Trading links between Poland and the U.K. were strengthened during the month of November when DB Schenker inaugurated its European sized rail freight services between Wroclaw, Poland, and Barking, London. The initial once per week service will transport shipments of automotive, retail and food items to London, returning with British exports for Polish clients.

The service will be the first regular rail freight service to use the High Speed 1 rail route. This route, otherwise known as the Channel Tunnel Rail Link, is a 108-kilometre high-speed railway line connecting London to the British end of the Channel Tunnel. The line opened in November of 2007, and has so far been used exclusively to carry passengers between London, Paris and Brussels. Following trials of a modified class 92 electric locomotive hauling a loaded container train during the summer of 2011, DB Schenker has been operating regular intermodal freight service since this past November, and plans to expand the new service to other European points soon. The trains are loaded with European sized swap bodies, which are European lighter-weight versions of standard ISO shipping containers, designed for truck or rail carriage only. Unlike standard shipping containers, swap bodies cannot be stacked or lifted, and are therefore not suitable for ocean transport. With an internal height of three meters, swap bodies can accommodate two standard pallets, thus providing increased haulage capacity.

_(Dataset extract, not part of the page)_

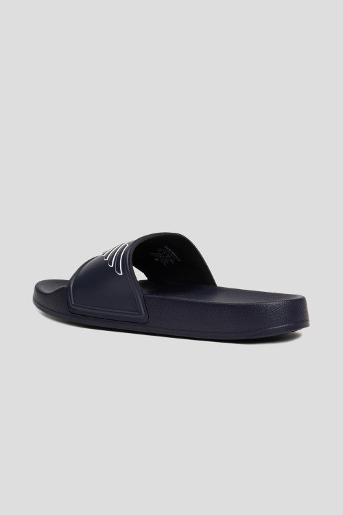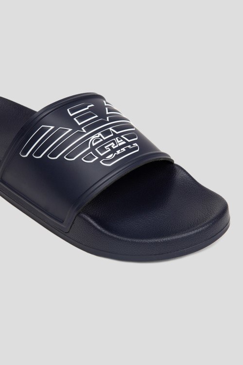 Детали: Мужские темно-синие слайдеры из резины от EA7 Emporio Armani (ЕА7 Эмпорио Армани). Закругленный носок, широкий ремешок с тиснением логотипа бренда,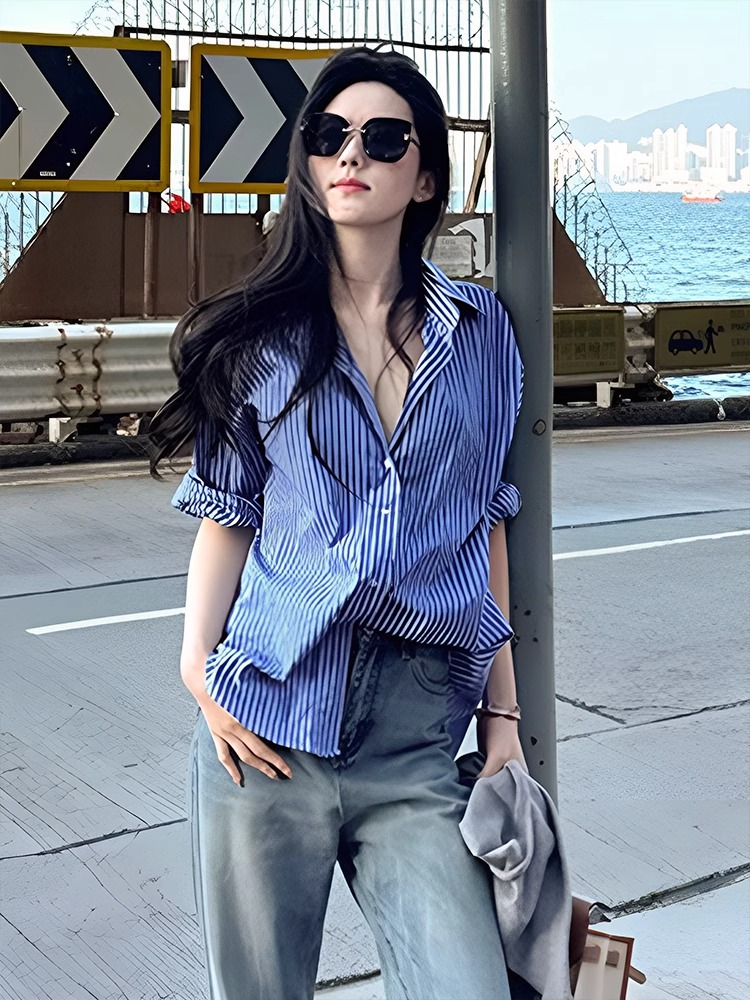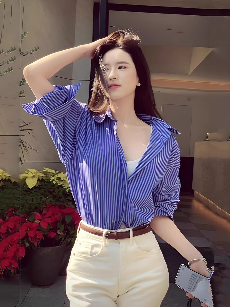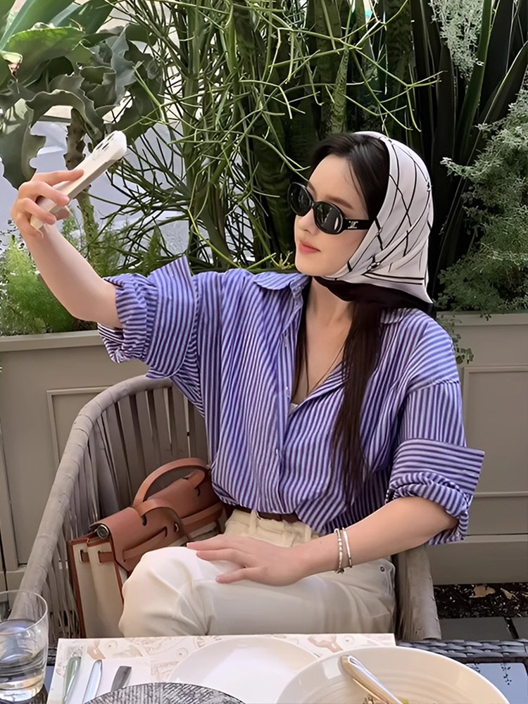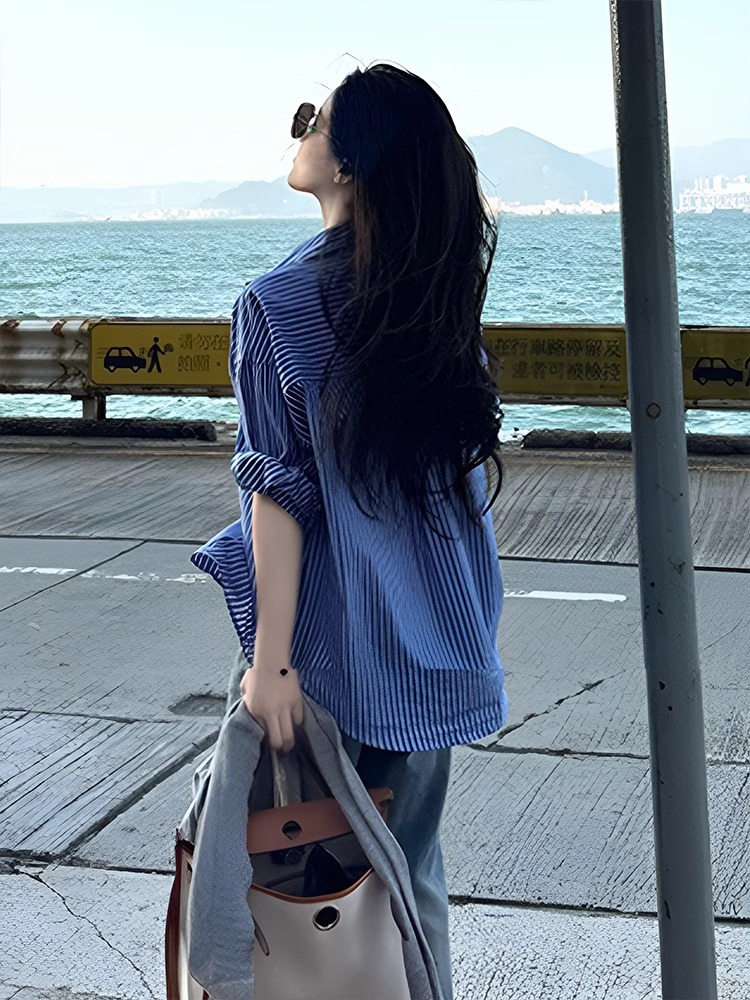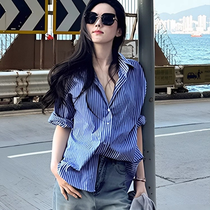 코튼 프렌치 블루 긴팔 줄무늬 선 스크린 셔츠 여성의 2025 년 봄과 가을 새로운 느슨한 한국 스타일 스택 탑

HS1 is the only European sized rail route line in the U.K., which allows larger and higher European freight trains to operate on these tracks.

DB Schenker is the fourth largest freight forwarder in the world, and is a unit of Deutsche Bahn AG, the German national railway carrier. Deutsche Bahn is the second largest transport company in the world, and the largest operator of railways and owner of railway infrastructure in Europe.